I do a lot of work with CSV files, and up to now I’ve been mostly doing clumsy stuff with standard text tools like “awk -F,” and the like. Here’s a roundup of some Unix command line tools for working with CSV files, lifted from One Thing Well
- xsv: slice, split, summary stats, etc. also supports creating a quick index to accelerate things. Seems pretty solid. Rust program, which is awfully weird, but he provides a Linux binary.
- csvkit: suite of programs for manipulating CSV. Includes import/export to JSON, Postgres, Excel, etc. Also has a SQL query via in-memory sqlite3. Python program.
- Miller: “like sed, awk, cut, join, and sort for name-indexed data such as CSV”. More limited queries than xsv or csvkit. But it embraces more input file types, including CSV files that change schema and arbitrary keyword/value data. Seems perfect for the “long list of JSON object” files I often work with. (Although no JSON support?!)
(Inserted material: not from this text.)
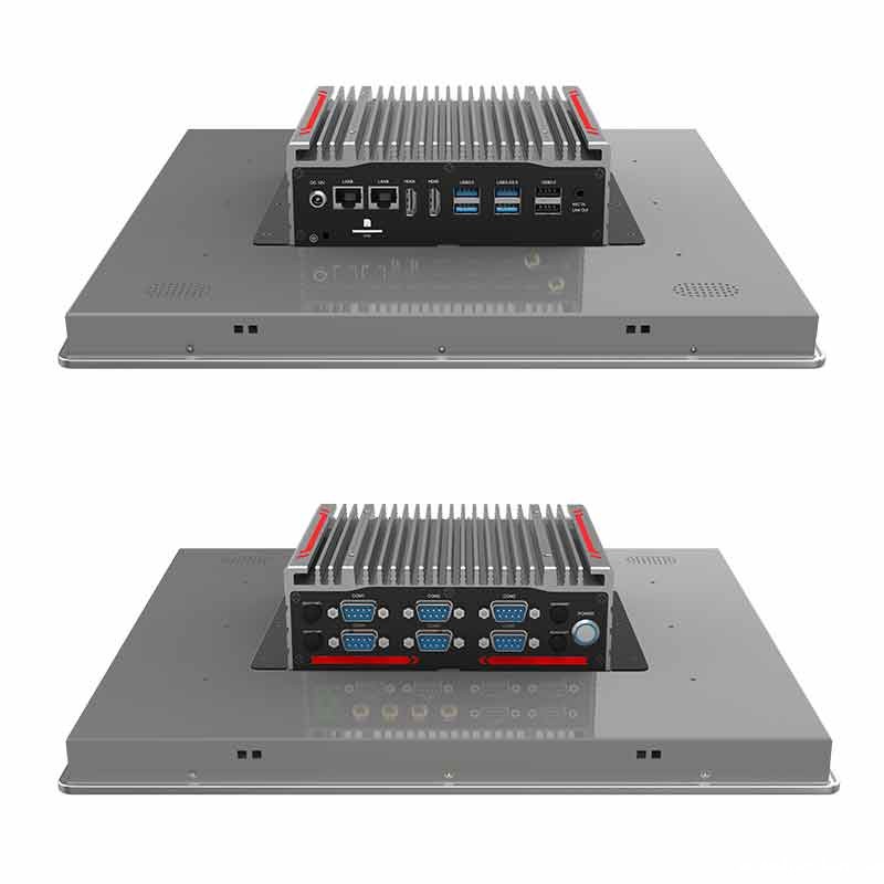 接口丰富: 2*HDMI,2*LAN(Intel I225),6*COM,3*USB3.0,3*USB2.0,1*SIM槽,1*2.5寸硬盘位,1*音频Line-Out+MIC二合一(OMTP国家标准),1*M.2(Key-M,2280,PCIE x2 NVME SDD),1*M.2(Key-B,3052,USB3.0+USB2.0支持4G、5G模块),1*MPCIE(全高,PCIE+USB2.0,支持WIFI+BT/网卡),2*天线孔(WiFi与4G二选一)

- csvfix: thin docs, another xsv-style tool. Has more operations than other tools.
- q: SQL queries on CSV files via sqlite. Python program.
- TextQL: SQL queries via sqlite. Go program.
- fsql: SQL queries via some Perl SQL implementation. Supports JSON and YAML.
I just tried xsv and it’s quite nice, may be the closest to what I need day to day. I’ve used q before and remember it working nicely, albeit a bit slowly. Arbitrary SQL is appealing.